3 Linear programming

The problem

Minimize linear/ affine function over a polyhedron: ie subject to affine/ linear constraint functions.

Canonical form

\(\vec{x} \in R^{d}\). \(\min c^{T}x: Ax \leq b\).

Nonnegative optimization form

\(\min c^{T}x’: Ax’ \leq b\), with \(x’ = \mat{x^{+}\ x^{-}}\); new constraints: \(x’ \geq 0\), \(x^{+} - x^{-} = 0\).

Equality constrained form

Writable as \(\min c^{T}x: Ax = b; \)x\( \geq 0\), using slack variables.

Constraints and the polyhedron

Every constraint is a halfspace. Intersection of halfspaces is a polyhedron; this is the \textbf{feasable region}.

The solution

Want to find a point in the feasible region making the least angle/ inner product with \(f\).

Vertex in feasible region

Consider minimizing \(f^{T}x\) over a line segment (a, b): for any point in this segment, you have: \(f^{T}(ta + (1-t)b) \leq \min \set{f^{T}a, f^{T}b}\); so sufficient to consider end points while trying to minimize \(f^{T}x\) over any line segment in the feasible region. By induction, sufficient to consider vertices of the feasible polyhedron.

Pathological cases

\(\min x\), A is empty; and \(\min \)x\(: x\geq 50\): often ruled out by added resource constraints: \(x\) allowed to be only so small.

Linear fractional program

Minimize linear fractional function over a polyhedron. Actually quasi-convex programming, but reducible to LP. Can rewrite \(\min t: \frac{a^{T}x + b}{c^{T}x + d} \leq t\) using linear constraints.

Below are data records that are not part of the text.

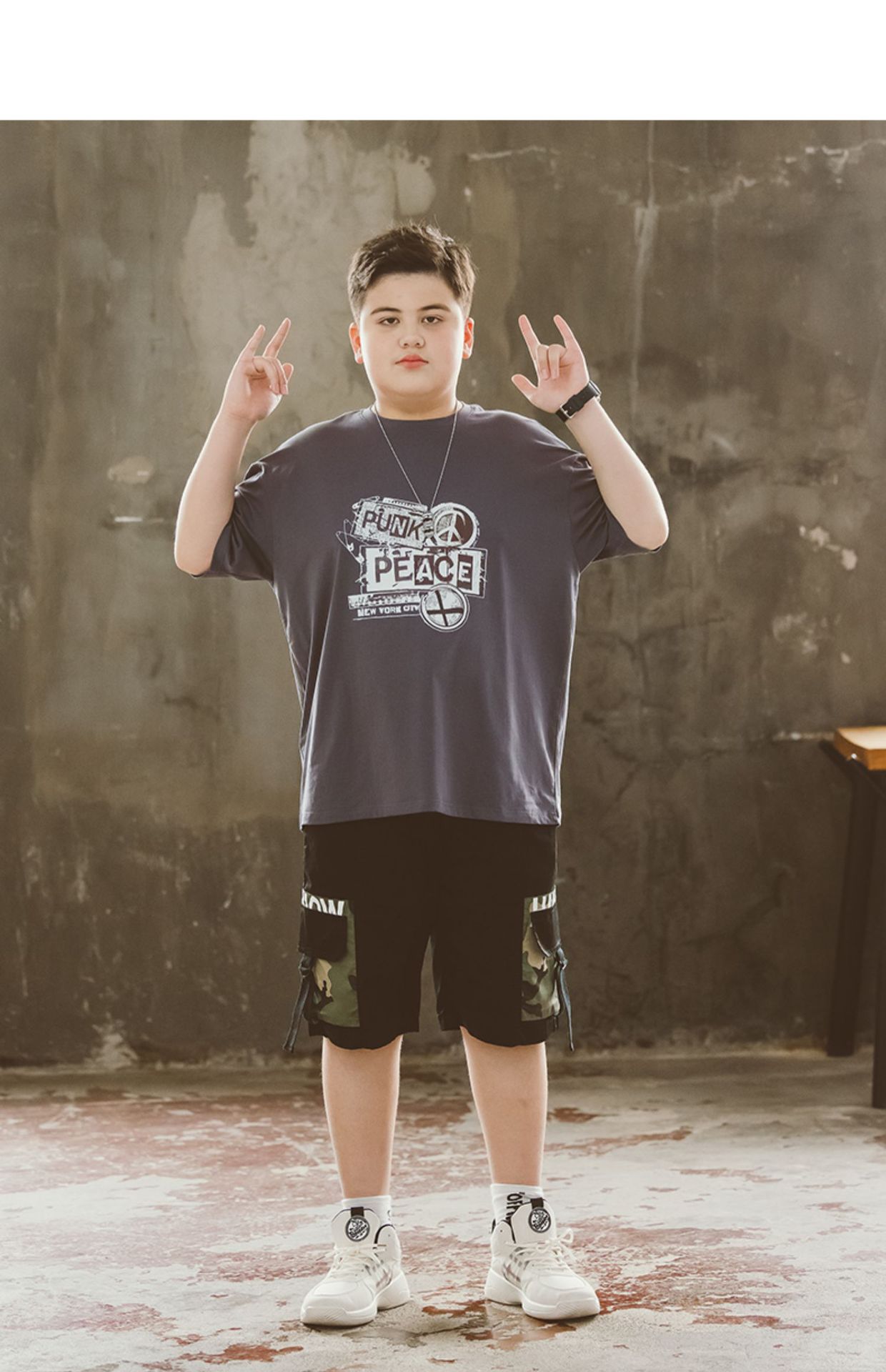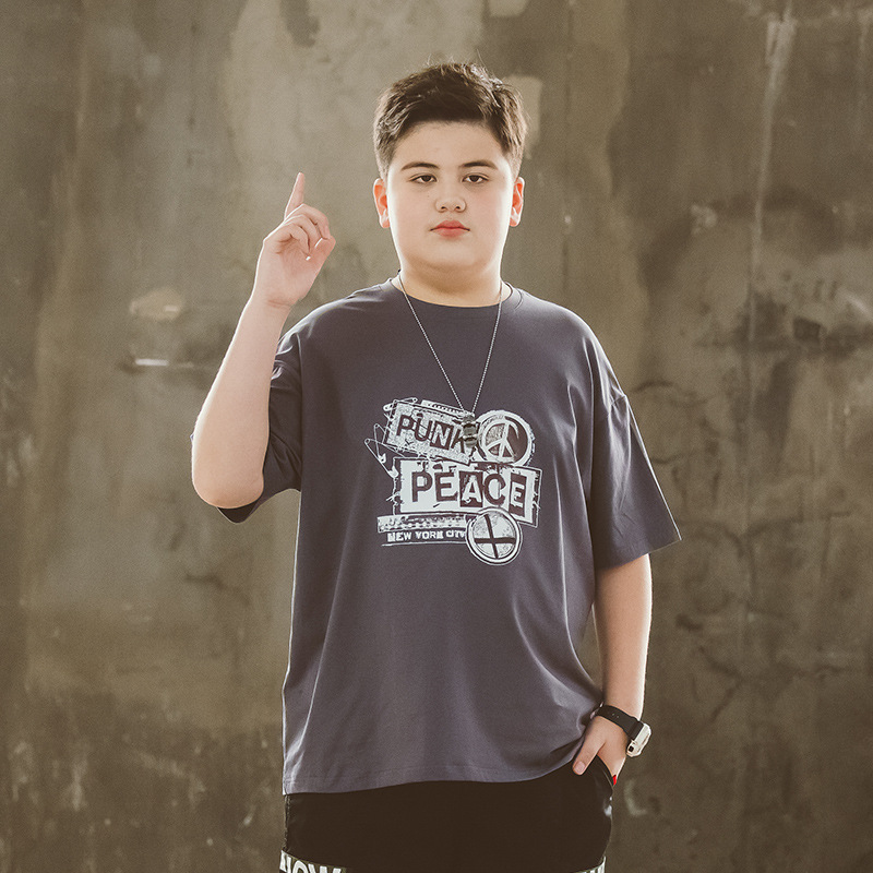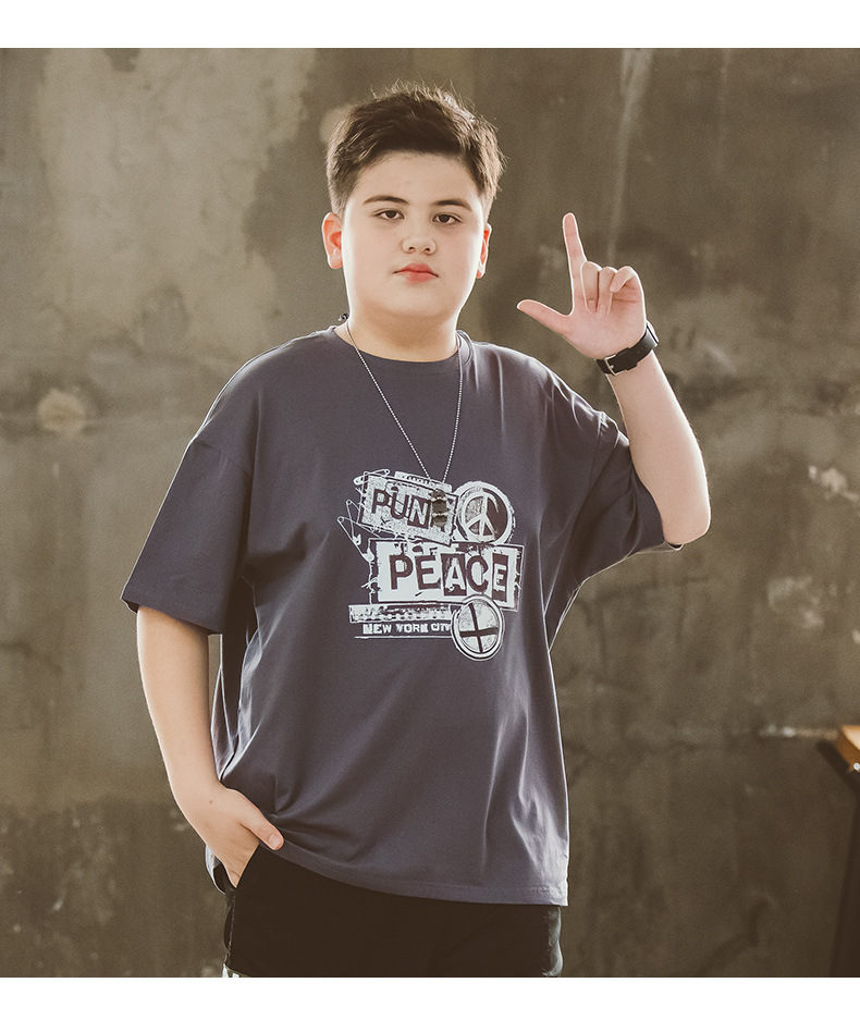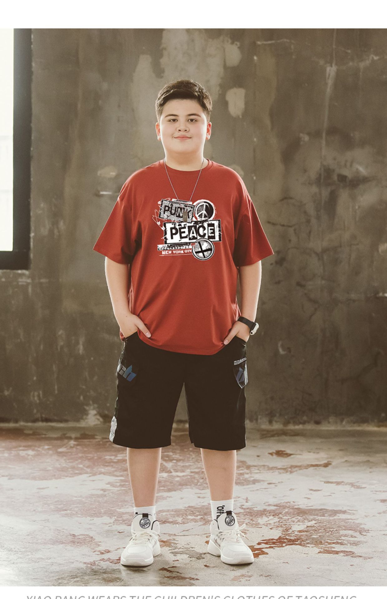 남아 반팔 티셔츠 통통한 어린이 여름 착용 플러스 사이즈 운동복 큰 어린이 운동복 십대 여름 탑스토어 가기
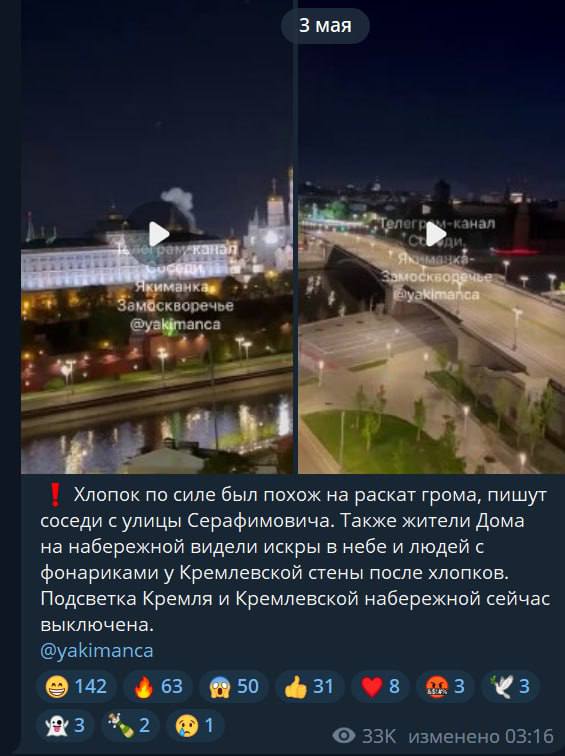Первые сообщения об атаке появились в московских телеграм-каналах около трех часов ночи, а днем информацию подтвердил Кремль.
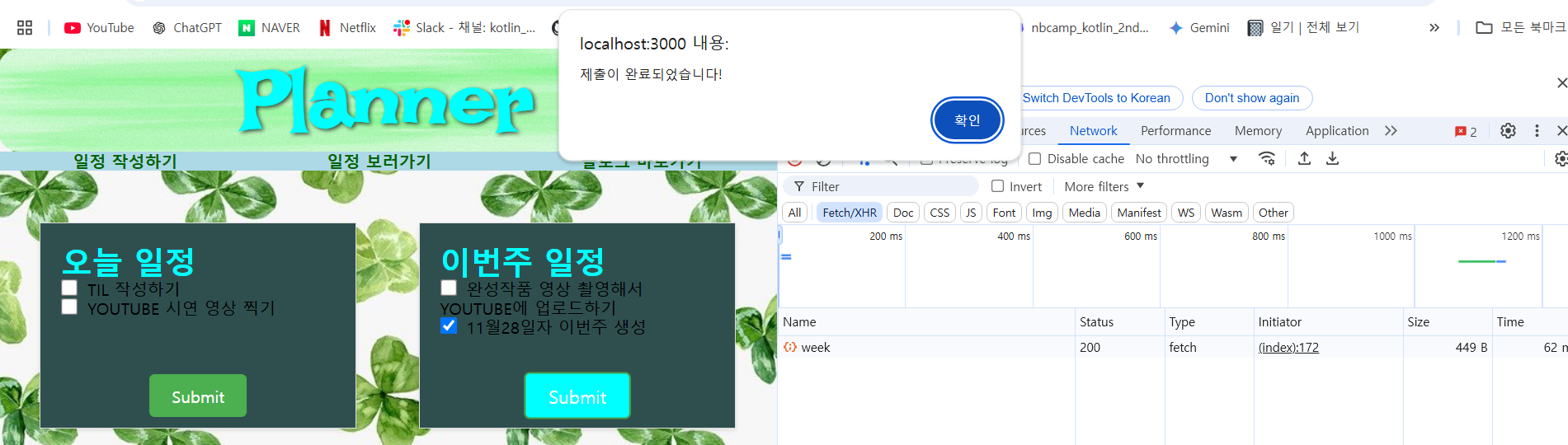 제출이 되었는지 확인하기 위해 알람추가 및 새로고침 추가

Similar is the case with generalized linear fractional program:\ \(\min t: (\max_i \frac{a_i^{T}x + b_i}{c_i^{T}x + d_i}) \leq t\).

1, infty norm approximations

\(\min_x \norm{Ax - b}_\infty \equiv \min c: Ax - b \leq c1, Ax - b \geq -c1\).

\(\min_x \norm{Ax - b}1 \equiv \min c : Ax - b = t+ + t_-; t_- \leq 0; t_+ \geq 0; 1^{T} t_+ - 1^{T}t_- \leq c\). This tends to yield sparse solutions: consider the functioning of least angles regression to see why.

Similarly, can replace 1, \(\infty\) norm constraints in any LP.

Robust linear programming

Often, there is uncertainty in constraints like \(a_i^{T}x \leq b_i\).

Deterministic model

x must be feasible \(\forall a_i \in S\). If S is an ellipse, this can be handled using SOCP.

Stochastic model

Feasible \(x\) must satisfy \(Pr(a_i^{T}x \leq b_i) \geq t\). If distribution is Gaussian, this can be handled using SOCP.

LP Algorithms

Exhaustive search alg

Find intersection of every set of d hyperplanes (constraints); see if it satisfies other constraints: \(O(\binom{n}{d})\).

Simplex method

(Dantzig). Theoretically exponential, highly efficient in practice.

Interior point projective method

(Karmarkar) LP solvable in time \ \(poly(n, d)\).